[[ DATA FOR ANALYSIS, beginning ]]

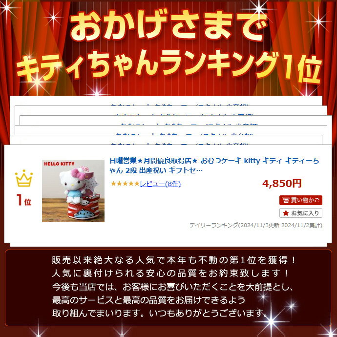 11月19日(水)★到着可能★ おむつケーキ kitty キティ キティーちゃん 2段 出産祝い ギフトセット 名入れ 刺繍 名前入り 送料無料 イニシャル ミニタオル グッズ ベビー用品 人気 可愛い プレゼント 赤ちゃん 女の子 ベビーシャワー 専門 クリスマス 出産記念品
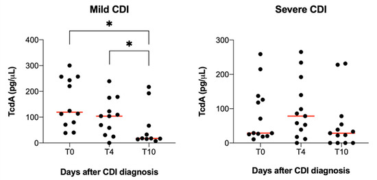 | TcdA (pg/µL ± SD) | 92.28 ± 96.08 | 83.75 ± 74.81 | 49.96 ± 70.96 |
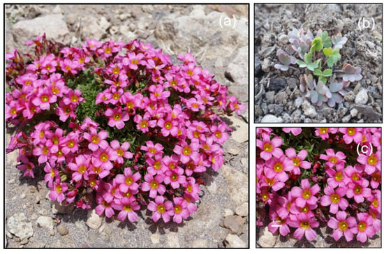 (a) A typical loose cushion of Oxalis squamata on Site III. Captured on 12 Jan 2016 by M.T.K.A. (b) Plant greening up on Site I. Captured on 20 August 2019 by M.T.K.A. (c) Details of flowers.
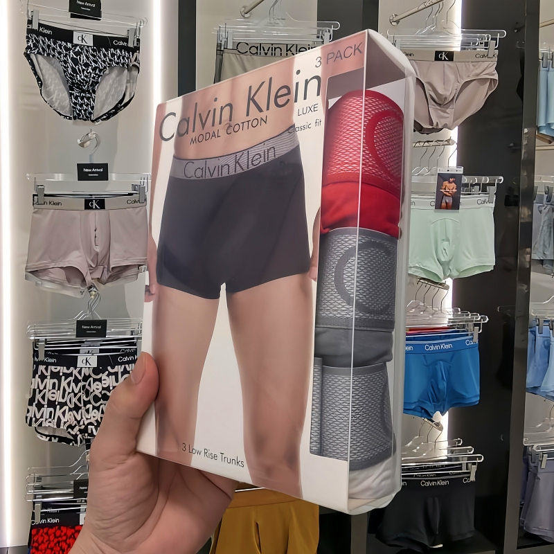 Celana dalam pria Calvin Klein - celana boxer modal pinggang sedang - pembelian resmi CK dari luar negeri, paket kotak h
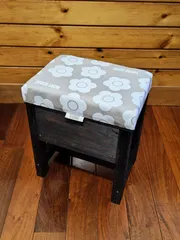 収納付きスツール お気に入りの布で収納付きスツール作ってきました💖開けやすいようベロ(つまみ)挟みました😁(以前投稿で見たので真似させていただきました🙇)座るとゆうよりも、ソファーに座った時に足を置く為に😊おっきいお尻が乗ったらちょっと可愛そうだし🤣中には寝る前に塗るハンドクリーム入れました😌楽しかった〜🎵😆🎵😆🎵

[[ DATA FOR ANALYSIS, end ]]

▶ **INSTRUCTIONS FOR THE TASK**:
Nothing but the lines from the line containing "Celana dalam pria" through the last line of the records above is to be extracted, exactly and with no pictures.

▶ **RESULT OF THIS EXERCISE**:
 Celana dalam pria Calvin Klein - celana boxer modal pinggang sedang - pembelian resmi CK dari luar negeri, paket kotak h
 収納付きスツール お気に入りの布で収納付きスツール作ってきました💖開けやすいようベロ(つまみ)挟みました😁(以前投稿で見たので真似させていただきました🙇)座るとゆうよりも、ソファーに座った時に足を置く為に😊おっきいお尻が乗ったらちょっと可愛そうだし🤣中には寝る前に塗るハンドクリーム入れました😌楽しかった〜🎵😆🎵😆🎵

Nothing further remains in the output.